Federal Investigation Launched Against Tesla Over Delayed Crash Reporting in Autopilot Cases

The National Highway Traffic Safety Administration (NHTSA) has launched an investigation into Tesla over allegations that the electric vehicle manufacturer has failed to report crashes involving its autonomous driving systems as required.

According to documents posted on NHTSA’s website, the agency’s Office of Defects Investigation found numerous incident reports from Tesla regarding crashes that occurred several months before being reported to the regulator. The delay in reporting is believed to be due to an issue with Tesla’s data collection system, which the company claims has since been rectified.

Automakers are required to report collisions involving partially or fully automated driving systems within five days of becoming aware of them. NHTSA will now conduct an audit to determine whether Tesla is in compliance with these reporting requirements and investigate any potential delays in reporting, as well as the measures taken by Tesla to address them.

The investigation also seeks to ascertain if Tesla has failed to report any prior relevant crashes and whether its reports submitted to NHTSA include all required data.

Tesla offers electric vehicles equipped with Autopilot and Full Self-Driving (FSD) systems in the U.S., both of which require a driver ready to take control at any time. The company has launched a manned Robotaxi service in Austin, Texas, and operates another manned car service in the San Francisco Bay Area.

A website tracking Tesla-involved collisions, TeslaDeaths.com, has identified at least 59 fatalities resulting from crashes where Autopilot or FSD were a factor.

This investigation comes as Tesla CEO Elon Musk is attempting to convince investors of the company’s potential leadership in autonomous vehicles and the safety of its self-driving systems for operation on public roads in the U.S.

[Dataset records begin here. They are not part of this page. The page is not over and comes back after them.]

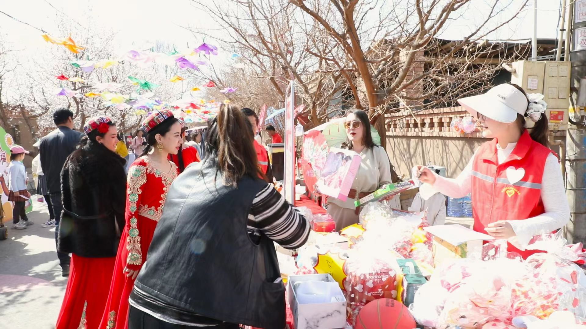 杏花烂漫处,爱心暖人心。连日来,托克逊县夏镇南湖村坎儿井巷人头攒动,一个特殊的摊位在花影中格外醒目——琳琅满目的衣物、生活用品整齐陈列,摊前的“爱心公益拍区”标识牌引人驻足。这是托克逊镇党员干部自发捐赠的650余件爱心物资,在杏花季期间设点销售,所得款项将全部用于帮扶辖区困难群众。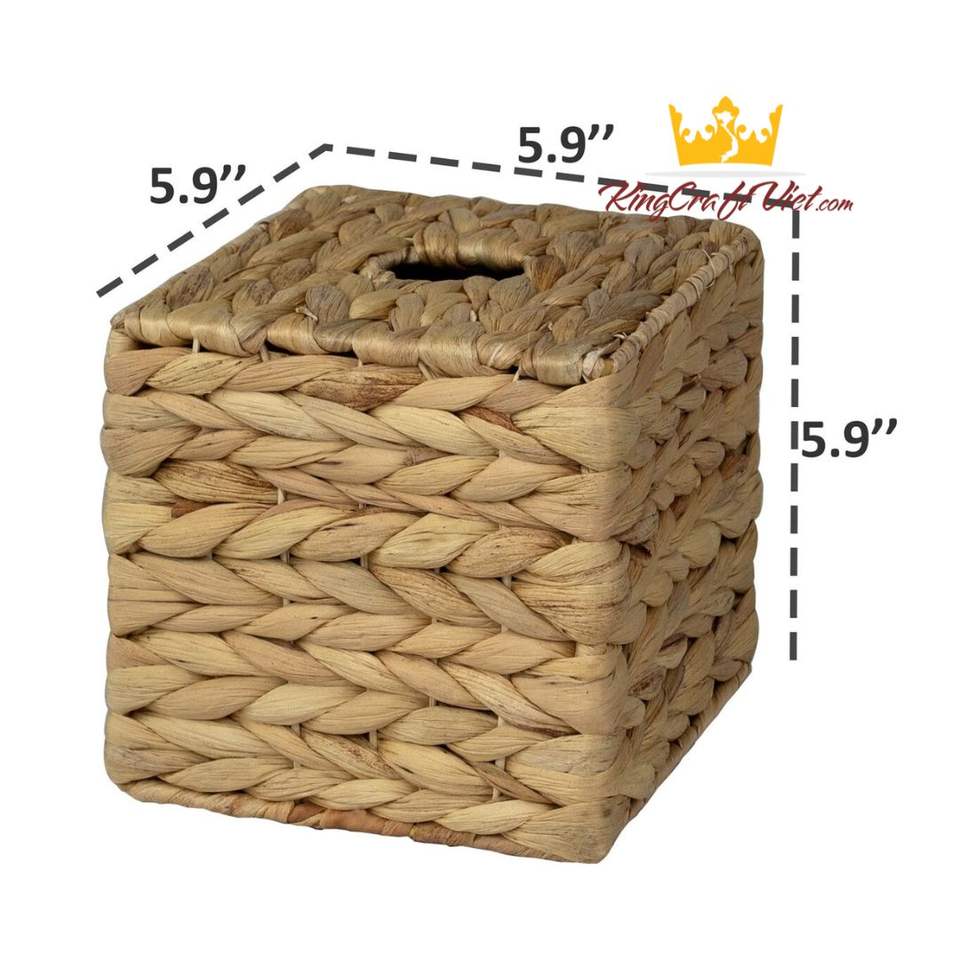 Caja de pañuelos cuadrada hecha a mano de jacinto de agua para almacenamiento de servilletas, cocina, baño, hotel, restaurante, Vietnam KING CRAFT VIET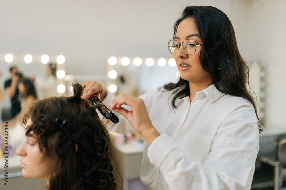Side view of hairstylist making waves curling on woman hair. Closeup of female hairstylist in beauty salon takes lock of hair and presses with hair straightener. Concept of fashion and beauty.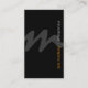 Esta elegante tarjeta de presentación para emprendedores de guiones audaces presenta un gran guión en negrita, un monograma gris oscuro en medio de la tarjeta sobre un fondo negro. Su nombre y título aparecen verticalmente en el borde derecho de la tarjeta en blanco y naranja. Los demás datos de contacto, incluido el logotipo de su empresa, aparecen en la parte posterior de la tarjeta. La parte posterior de la tarjeta también incluye una letra monograma más pequeña en el mismo tipo de letra del guión. Perfecto para administración, gestión, profesionales, contabilidad, finanzas, temas de negocios.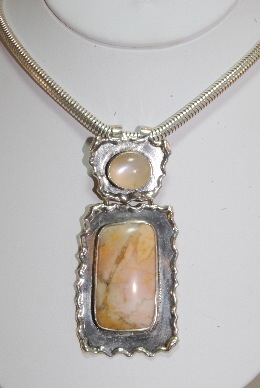 Rutilated Quartz and Picaso marble with Moonstone accent Pendant #P0062_2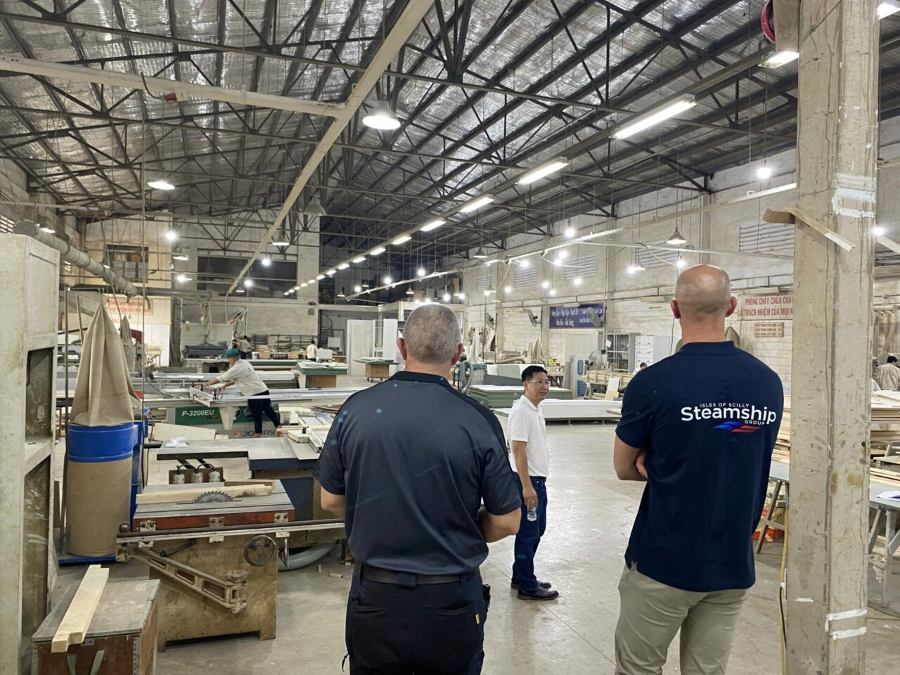 Earlier this month, Stuart Reid travelled to Vietnam for an important stage in the vessel build. His visit included time at the Piriou shipyard to inspect progress on both vessels, as well as a stop at the furniture manufacturing factory to review materials and the quality of construction for the passenger lounges furniture and interior outfitting.

Goldman Sachs autos industry analysts expressed optimism about Tesla’s robotaxi operations, stating that it places the company on a path to addressing a significant market (estimated at $7 billion in 2030). However, they also noted that a debate on the pace of robotaxi growth will continue due to a lack of clarity regarding Tesla’s expectations for Robotaxi-related revenue and the technical performance of vehicles in its rideshare fleet.